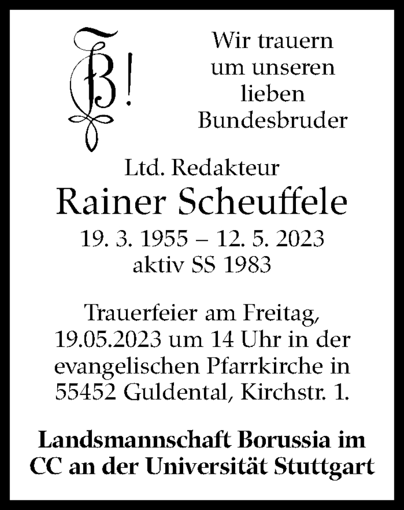 Hier finden Sie alle Traueranzeigen aus der Zeitung, die bisher für Rainer Scheuffele erschienen sind. Weitere Traueranzeigen, die in der Zeitung erscheinen, werden hier ebenfalls aufgelistet
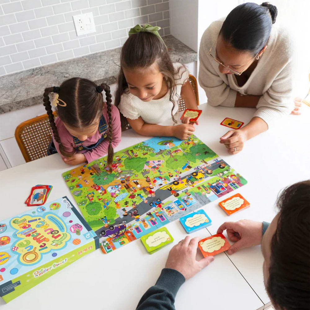Trouve un animal blanc! Trouve un objet bleu qui sert à s'assoir! Trouve un aliment jaune qui n'est pas un fruit! Écoute bien les consignes et sois le plus rapide à trouver les éléments sur la planche de jeu.
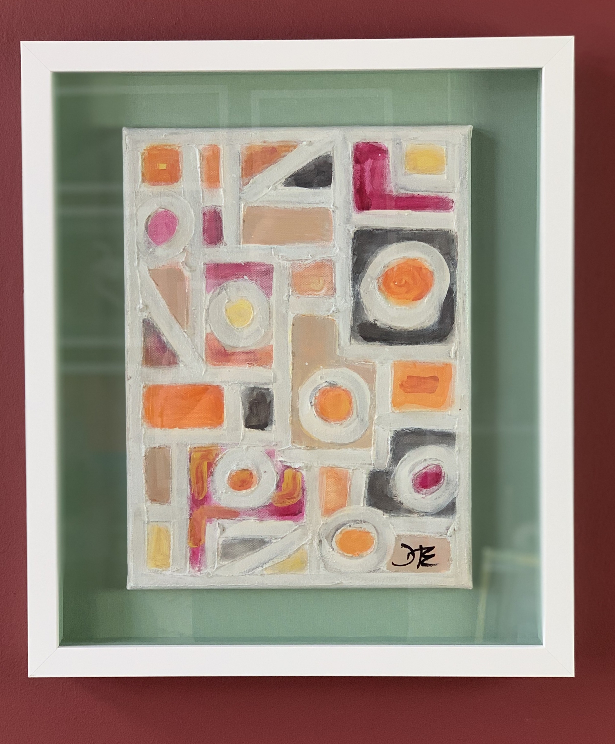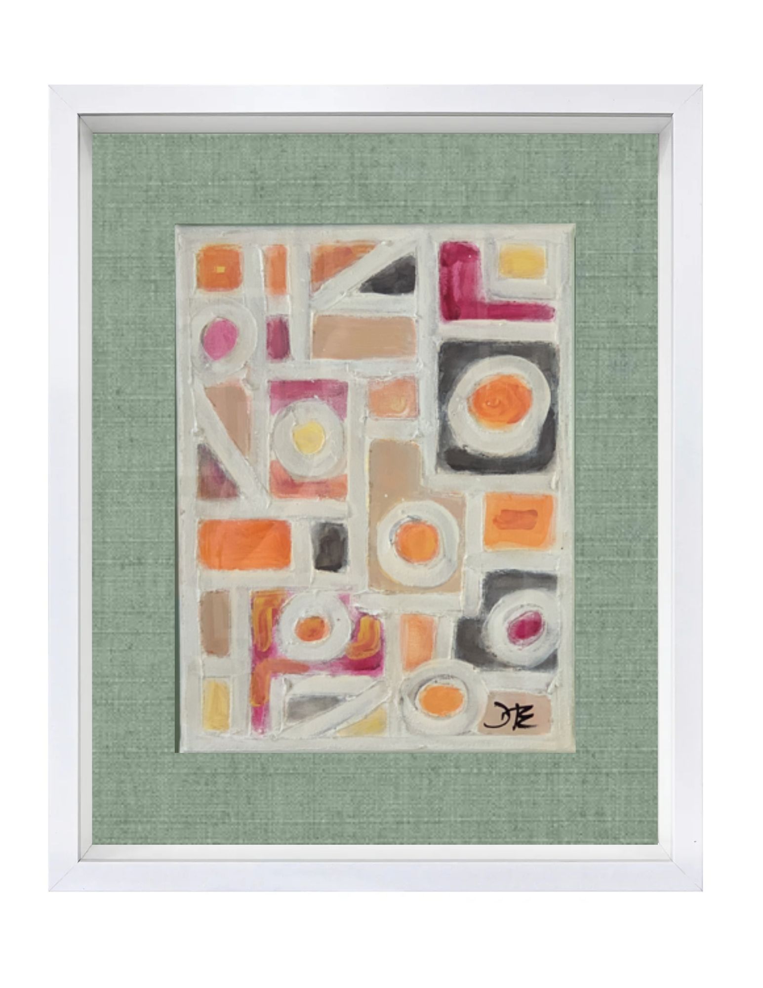 Structured yet expressive, Roots and Branches explores the balance between foundation and growth through a carefully composed grid of form and color. Segmented blocks—each holding its own shape, tone, and texture—come together to create a unified visual language, suggesting the interconnectedness of origin and expansion. Beautifully framed in a white shadowbox.

**Try it**
Give back exactly the lines from the first line of the data through the line with "Trouve un animal", pictures excluded.

**Task result**
 Hier finden Sie alle Traueranzeigen aus der Zeitung, die bisher für Rainer Scheuffele erschienen sind. Weitere Traueranzeigen, die in der Zeitung erscheinen, werden hier ebenfalls aufgelistet
Trouve un animal blanc! Trouve un objet bleu qui sert à s'assoir! Trouve un aliment jaune qui n'est pas un fruit! Écoute bien les consignes et sois le plus rapide à trouver les éléments sur la planche de jeu.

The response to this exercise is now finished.